That sinking feeling

Every September one particularly unwelcome visitor to the country is DANA, a cold drop or isolated depression that usually dumps large quantities of rainfall across many Spanish Territories. Families in Villamartin’s Calle Isaac Albaniz will be praying this year, that it avoids the Orihuela Costa.

In 2019 they were not so fortunate as many of their properties, which all back onto a dried out stream, Cañada de las Estacas, saw large parts of their gardens swept into the barranco below by the heavy rains.

The phenomenon, that usually accompanies children as they return to school, was especially heavy, and remained almost stationary above the region for several days,

The drainage in C/Isaac Albaniz could not cope and as the rainfall overflowed down the side of many properties a number of gardens were swept away, rendering at least 3 of the Villas unsafe.

The properties were built over 20 years ago and the subsidence is now seriously affecting at least 1 detached and 2 semi-detached Villas in the road

With the collapse of the drainage system there was a constant stream of raw sewage pouring out of the burst mains pipe and down the road toward Villamartin Golf Course. This lasted for about 4 weeks after which engineers, appointed by the Ayuntamiento, arrived to carry out the repair.

Over saturated soils are impossible to compact and drying reagents, such as Quicklime, Lime Kiln Dust (LKD), and Calciment™ can be used from https://www.mintekresources.com/soil-drying-agent/ to adjust the moisture and improve the workability of problematic soils so as to achieve the strength required for most job site specifications.

Whilst the pipework was fixed and the sewage problem rectified the engineers’ answer to the subsidence was to fill the gardens with even more earth. Not the brightest of solutions, as a month later, during the very next heavy downpour, the soil was once again washed away and down into the ravine.
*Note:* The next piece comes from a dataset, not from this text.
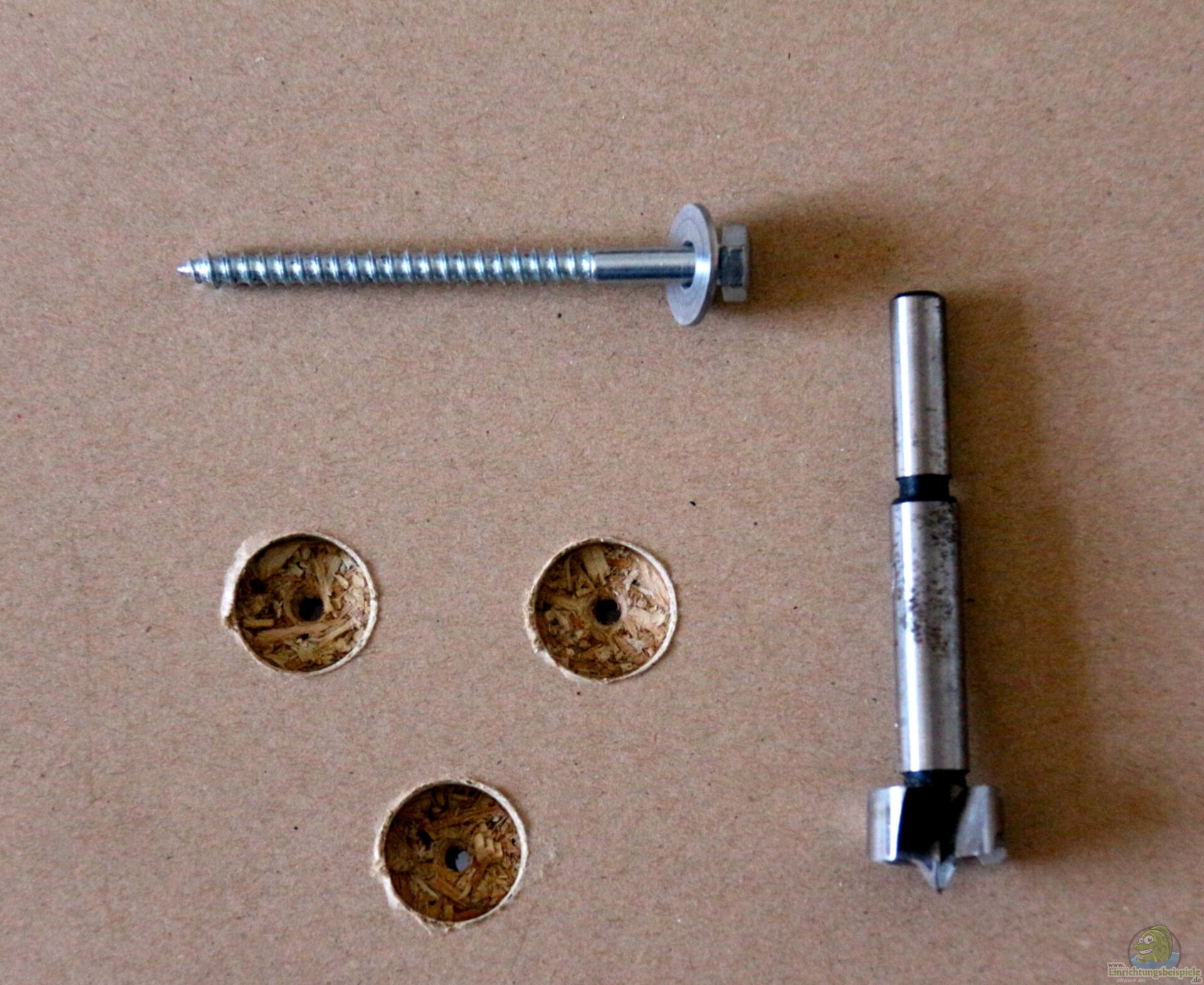 Nun geht???s ans ???eingemachte???. Auf der Ober-und Unterplatte den Grundriss genau aufzeichnen. Bohrlöcher anzeichnen und bohren. Schablone für die Bohrlöcher anfertigen und auf die Kopfseiten der Kanthölzer übertragen. Ich verwende Sechskantschrauben 6 x 80mm und damit die Kanthölzer nicht platzen bohre ich vor und versenke die Schrauben mittels Forstner-Bohrer in der Ober-und Unterplatte (Foto 2).

Cabo Roig abogado, Juan Antonio Morales, is working on behalf of one of the owners, Craig Campbell Clements, but despite regular contact with both the Orihuela Town Hall and the Government environmental department in Murcia, responsible for Barranco conservation, there has been absolutely no progress.

Craig told the Leader that the Murcia agency promised to send engineers to look at the problem in May but they never arrived and now his calls and emails are being ignored. Closer to home the owners are also still waiting for a visit from the Town Hall, which is similarly aware of the problem and in possession of all the relevant information.

“Insurers La Caixa have also said they cannot help and my daughter Abby is in constant panic mode. Every time it rains none of us can get any sleep and we inevitably end up sitting awake all night listening to every creak, concerned that the next shower could see the back of the house disappearing down the barranco and my family being buried under the rubble. We really are that worried,” said Craig.

“We just want to get back to enjoying our life hear in Spain as the last 12 months have been a living hell for all of us.”

1 COMMENT

  1. Cañada de las Estacas has not been maintained for more than 10 years, and because of this large natural debris like trees are catching and eroding the banks surrounding the baranco. As well as building materials from construction at Los Dolses.

    If you follow the baranco from Villamartin to the sea, you will see numerous points along the route which are at risk of collapse including pathways and roads. The soil underneath the paths have been eroded, but those walking above a probably unaware of that.